After the discovery that thermolability of MTHFR in the general population was associated with the 677C→T alteration, it was relatively easy to perform large studies of this common polymorphism using small amounts of DNA. The types of diseases that have been studied, and for which a correlation with the polymorphism has been attempted, include neural tube defects, Alzheimer’s disease, colon cancer, leukemia, cardiovascular disease, diabetes mellitus, Down syndrome, and complications of pregnancy.^36–,41 

There is good evidence that hyperhomocysteinemia is an independent risk factor for vascular disease,³⁷ but there is less evidence that lowering homocysteine levels reduces the risk. The results of prospective trials of vitamin therapy should clarify this issue in the next few years. Early studies showing an effect of 677C→T on heart disease were difficult to interpret because the polymorphism was not always associated with elevated homocysteine levels. Recent studies have clarified that the polymorphism is only associated with elevated homocysteine levels in patients with low folate intake.^34,42 It is thus possible that the effect of the polymorphism depends on the nutritional status of the individual.²² 

There are reports that 677C→T may be protective for colon cancer³⁸ and leukemia.^33,41 Early studies suggest that the T allele may be protective for lymphocytic leukemia, but not for myeloid leukemia.³³ Studies are beginning to look at the 1298A→C polymorphism in MTHFR⁴³ as well as at polymorphisms in a number of other genes involved in folate and cobalamin metabolism such as TC II, 776C→G, MTR, 2756A→G, and MTRR, 66A→G.^43–,45 This list is only a fraction of the number of polymorphisms affecting genes in this pathway.

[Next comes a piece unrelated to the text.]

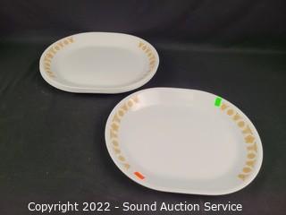 Lot Details: 5 Corelle 11" platters, 8" & 10" bowls, Pyrex butter dish & 10" bowl. 10" tureen with drip plate.

It is difficult to predict the usefulness of the increasing number of these polymorphisms in clinical practice. Because each may interact with others, it will require large population studies to sort out both the genetic and environmental interactions. It seems reasonable to have data on these polymorphisms in the clinical record as part of the investigation of, for example, recurrent neural tube defects or of hyperhomocysteinemia. At this point, the presence or absence of a particular polymorphism in a gene of the folate or cobalamin pathway is not a complete explanation of an individual phenotype for one of the common multifactorial diseases such as cancer or heart disease.